### Fitting Logistic Regression

In this first notebook, you will be fitting a logistic regression model to a dataset where we would like to predict if a transaction is fraud or not.

To get started let's read in the libraries and take a quick look at the dataset.

In [1]:
import numpy as np
import pandas as pd
import statsmodels.api as sm


df = pd.read_csv('./fraud_dataset.csv')
df.head()

  from pandas.core import datetools


Unnamed: 0,transaction_id,duration,day,fraud
0,28891,21.3026,weekend,False
1,61629,22.932765,weekend,False
2,53707,32.694992,weekday,False
3,47812,32.784252,weekend,False
4,43455,17.756828,weekend,False


`1.` As you can see, there are two columns that need to be changed to dummy variables.  Replace each of the current columns to the dummy version.  Use the 1 for `weekday` and `True`, and 0 otherwise.  Use the first quiz to answer a few questions about the dataset.

In [None]:
df[['weekday','No_weekday']]=pd.get_dummies(df['day'])
df[['No_fraud','fraud']]=pd.get_dummies(df['fraud'])
df.head()

In [None]:
df.describe()

In [None]:
print(df[df['fraud']==1]['duration'].mean())
print(df[df['fraud']==0]['duration'].mean())

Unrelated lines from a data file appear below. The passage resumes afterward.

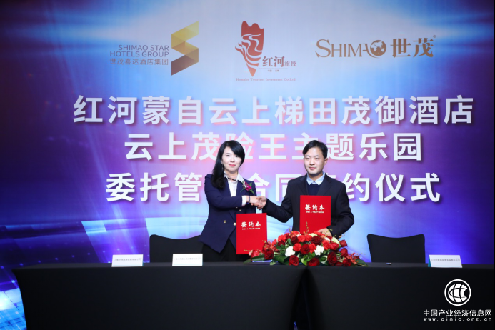 上海世茂旅游发展有限公司副总裁彭钺淇女士和红河州旅游投资有限责任公司总经理余杰先生签署委托管理合同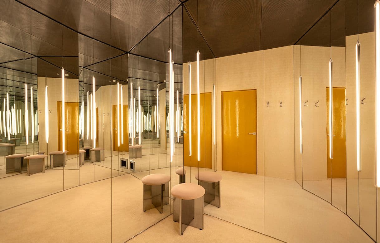 L’installazione dell'artista giapponese Hajime Sorayama all’ingresso rafforza l’identità futuristica del brand, così come i materiali pregiati impiegati sono perfettamente integrati con il look and feel minimalista degli arredi, accentuati dall’illuminazione modulare.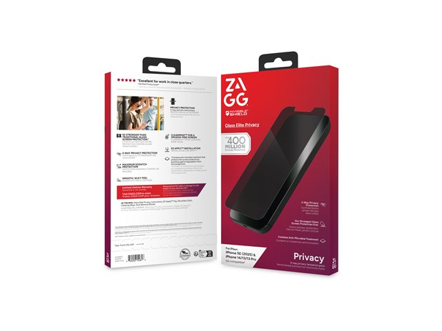 ZAGG InvisibleShield Glass Elite Privacy - Skärmskydd för mobiltelefon - glas - med sekretessfilter - 2-vägs - för Apple iPhone 13, 13 Pro, 14, 16e, 17e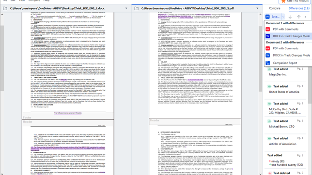 - Die erkannten Unterschiedewerden in den Dokumenten markiert und auf der rechten Seite zusammengefasst.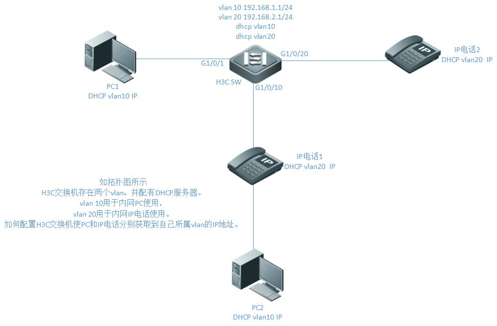 交换机怎么样才能配置到如图中所需要的那样。同一个端口可以使用IP电话或PC。它们分别获取到自己指定的vlan的IP地址。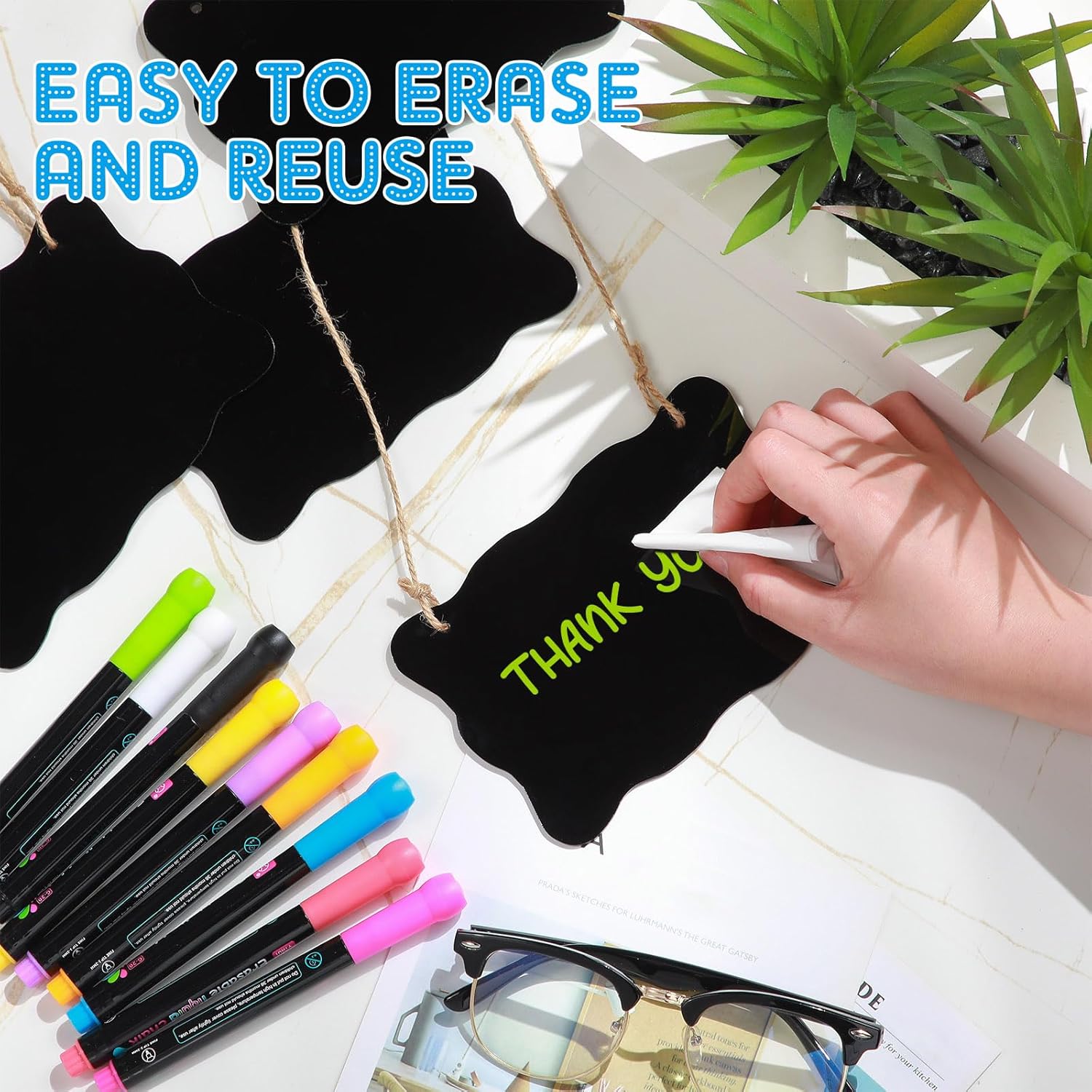 • Complete Set: when you buy this product, you not only get 12 chalk board, but also a set of 9 colorful liquid chalks, 9 colors, bright and easy to remove; Compared with traditional chalk, there is no dust flying, creating a healthier and more comfortable writing environment, which is a very cost effective choice

`2.` Now that you have dummy variables, fit a logistic regression model to predict if a transaction is fraud using both day and duration.  Don't forget an intercept!  Use the second quiz below to assure you fit the model correctly.

In [None]:
df['intercept'] = 1
logistic_model = sm.Logit(df['fraud'], df[['intercept','weekday','duration']])
res = logistic_model.fit()
res.summary()

In [None]:
a,b,c = res.params
a,b,c

In [None]:
# weekday or NOT
p_weekday = np.exp(a+b*1+c*0)
p_NOTweekday = np.exp(a+b*0+c*0)
p_weekday / p_NOTweekday

In [None]:
# duration
p_1min = np.exp(a+b*0+c*1)
p_2min = np.exp(a+b*0+c*2)
p_1min / p_2min